Multi-Single label text classification¶
Note: This example builds upon multi-label classification. If you are unfamiliar with it, refer to the previous examples.
Multi-single label classification is a type of hierarchical classification: First, a sample is classified with multi-label classification, yielding a mumber of classes. Then, a single prediction (in a second dimension) is given for each of those classes.
We showcase this with an ABSA (aspect-based sentiment analysis) example, using reviews of hotels. Just like a multi-label dataset, each sample has multiple aspects, but then each aspect additionally has a sentiment. For example, “I liked the breakfast, althought the staff doesn’t even bother to greet you when you enter” has the aspects “food” with positive sentiment, and the aspect “staff” with a negative sentiment. The label would thus be `[[“Food”, “positive”], [“Staff”, “negative”]].
[ ]:
from autotransformers import AutoTransformer, DatasetLoader
Below is an example dataset for multi-single-label tasks. Additionally to the “classes”, we now have to configure a list of “inner classes” for the inner classification task. Note the
None
inner class, which is used when a sample is not labeled with the corresponding outer class.The samples’ values are lists of pairs in multi-single classification: Each pair specified an outer and its corresponding inner class.
[ ]:
dataset = {
"meta": {
"name": "example_multisingle_label",
"version": "1.0.0",
"created_with": "wizard"
},
"config": [
{
"domain": "text",
"type": "IText"
},
{
"task_id": "task1",
"classes": ["Room", "Staff", "Cleanliness"],
"inner_classes": ["None", "positive", "neutral", "negative"],
"none_inner_class": "None",
"type": "TMultiSingleClassification"
}
],
"train": [
[
{"value": "the room was very spacious."},
{"value": [["Room", "positive"]]},
],
[
{"value": "Everything was spotless, bed lines were indeed heavenly and the bed was super comfortable with wonderful pillows."},
{"value": [["Cleanliness", "positive"]]},
],
[
{"value": "In the room there is a tiny bathroom with shower and seperate toilet."},
{"value": [["Room", "neutral"]]},
],
[
{"value": "Our agent had booked the wrong room type and the hotel room we were given was poor."},
{"value": [["Room", "negative"]]},
],
],
"eval": [
[
{"value": "Really clean right by a canal staff really friendly and helpful."},
{"value": [["Staff", "positive"], ["Cleanliness", "positive"]]},
],
],
"test": [
[
{"value": "The concierge was also very helpful in organising some train tickets"},
{"value": [["Staff", "positive"]]},
]
]
}
As before, we simply create a DatasetLoader from the dataset and start training.
[ ]:
dl = DatasetLoader(dataset)
# Or create a DatasetLoader from a file
# dl = DatasetLoader("path/to/my-dataset.json")
[ ]:
# In this example, we only train for one epoch to finish fast.
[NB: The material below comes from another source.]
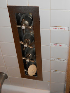 I finally got my keys – stateroom 157 on Deck A, which was about halfway down the very long corridor. It was just as you’d imagine it to be – beautiful Art Deco styling, gorgeously polished wood, richly colored crazy patterned carpet – and just a little bit spooky. As it has that faded glamor about it, it makes you feel nostalgic, curious, patriotic, sad and a bit weirded out all at once. An interesting mix. It was less spooky than the Hornet, but i was half expecting to see a kid on a trike turn the corner at any moment. Imagine the mind-tricks you could play on people with that. Note to self: never stay at old places with long corridors on April Fools Day…. Anyway, I finally found my room (and already changed from my heels to my flats) – it was smaller than I was expecting, but it was still absolutely charming and full of interesting period details. And – the best bit of all – it had portholes that actually opened!! Bloody brilliant. That, more than anything, took you in your mind to the Atlantic and to imagining what it must have been like to look through those windows and see nothing but the Atlantic Ocean, as far as the eye could see. It reminded me a bit of the feeling from when I went to Patagonia – a similar sense of all-surrounding desolation and vastness.
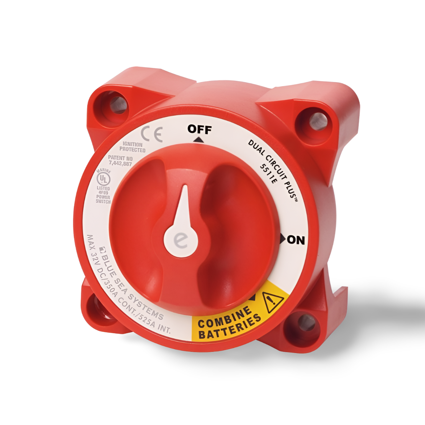 Blue Sea BS 5511e Zweikreis Plus Batteriehauptschalter mit drei Positionen für ON/OFF/Batteriekombination für Diesel und Benzin Motoren. Der Schalter ist gasdicht und für zwei Batteriebänke geeignet.

# In reality, you want to set this to a higher value for better results.
config = [
("engine/stop_condition/type", "MaxEpochs"),
("engine/stop_condition/value", 1),
]
at = AutoTransformer(config)
at.init(dataset_loader=dl, path=".models/example03")
at.train(dl)
And check our result:
[ ]:
at("I liked the breakfast, althought the staff doesn't even bother to greet you when you go anywhere.")